= Data shown =
....
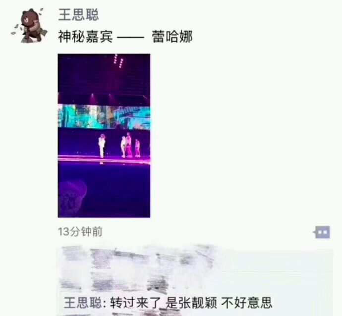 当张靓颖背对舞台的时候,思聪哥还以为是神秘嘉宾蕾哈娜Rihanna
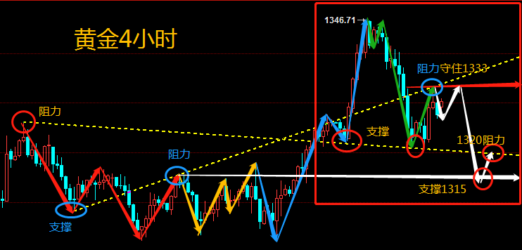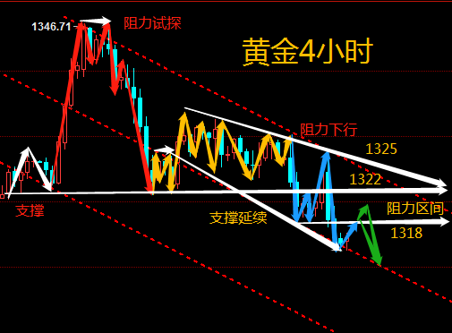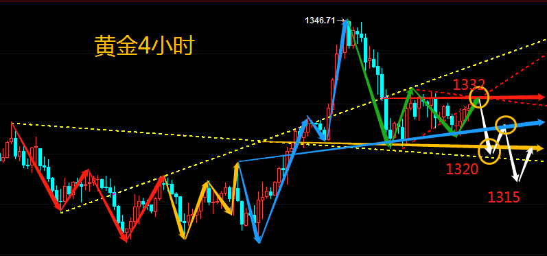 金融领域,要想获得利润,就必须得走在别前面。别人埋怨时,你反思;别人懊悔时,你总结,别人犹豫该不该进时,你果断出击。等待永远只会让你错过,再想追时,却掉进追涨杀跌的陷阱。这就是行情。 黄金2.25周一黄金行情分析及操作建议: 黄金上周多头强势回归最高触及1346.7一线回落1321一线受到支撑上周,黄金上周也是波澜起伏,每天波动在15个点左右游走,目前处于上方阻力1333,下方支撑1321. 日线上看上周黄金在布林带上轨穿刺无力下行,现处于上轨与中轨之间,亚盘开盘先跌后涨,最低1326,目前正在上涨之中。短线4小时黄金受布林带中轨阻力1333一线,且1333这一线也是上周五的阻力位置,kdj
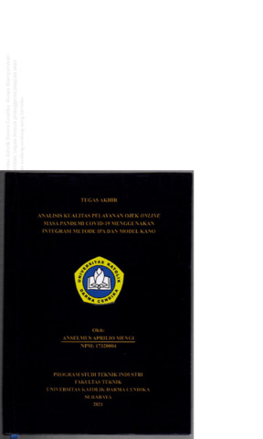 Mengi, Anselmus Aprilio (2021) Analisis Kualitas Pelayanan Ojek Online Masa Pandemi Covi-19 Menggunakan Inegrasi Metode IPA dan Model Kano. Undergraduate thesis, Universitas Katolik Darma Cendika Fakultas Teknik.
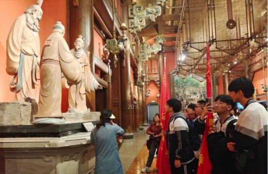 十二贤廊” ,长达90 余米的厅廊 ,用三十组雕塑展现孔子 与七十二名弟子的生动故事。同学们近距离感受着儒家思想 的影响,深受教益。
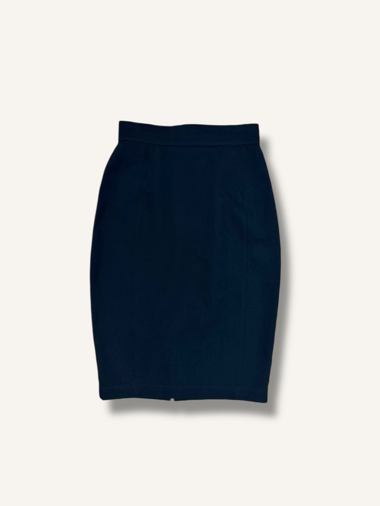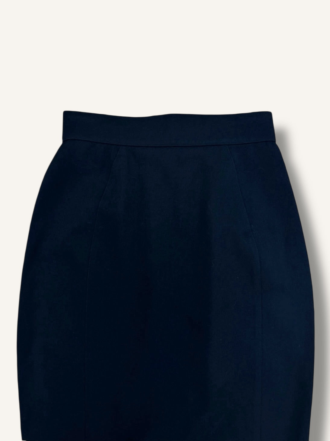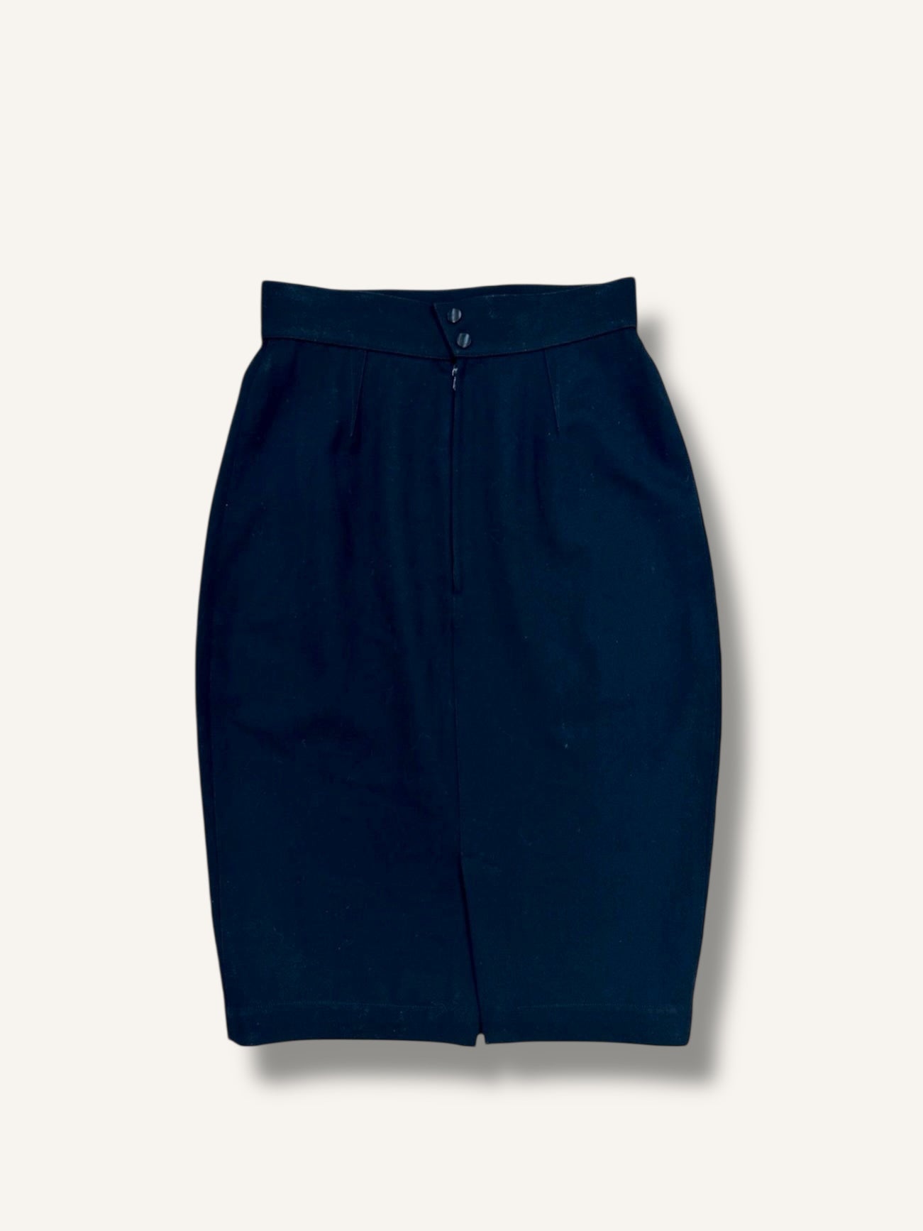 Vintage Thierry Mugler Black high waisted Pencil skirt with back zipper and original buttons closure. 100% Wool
....
= Exercise directions =
Only the pictures should be left out; write out everything else in the records exactly.

= Result below =
 当张靓颖背对舞台的时候,思聪哥还以为是神秘嘉宾蕾哈娜Rihanna
 金融领域,要想获得利润,就必须得走在别前面。别人埋怨时,你反思;别人懊悔时,你总结,别人犹豫该不该进时,你果断出击。等待永远只会让你错过,再想追时,却掉进追涨杀跌的陷阱。这就是行情。 黄金2.25周一黄金行情分析及操作建议: 黄金上周多头强势回归最高触及1346.7一线回落1321一线受到支撑上周,黄金上周也是波澜起伏,每天波动在15个点左右游走,目前处于上方阻力1333,下方支撑1321. 日线上看上周黄金在布林带上轨穿刺无力下行,现处于上轨与中轨之间,亚盘开盘先跌后涨,最低1326,目前正在上涨之中。短线4小时黄金受布林带中轨阻力1333一线,且1333这一线也是上周五的阻力位置,kdj
 Mengi, Anselmus Aprilio (2021) Analisis Kualitas Pelayanan Ojek Online Masa Pandemi Covi-19 Menggunakan Inegrasi Metode IPA dan Model Kano. Undergraduate thesis, Universitas Katolik Darma Cendika Fakultas Teknik.
 十二贤廊” ,长达90 余米的厅廊 ,用三十组雕塑展现孔子 与七十二名弟子的生动故事。同学们近距离感受着儒家思想 的影响,深受教益。
 Vintage Thierry Mugler Black high waisted Pencil skirt with back zipper and original buttons closure. 100% Wool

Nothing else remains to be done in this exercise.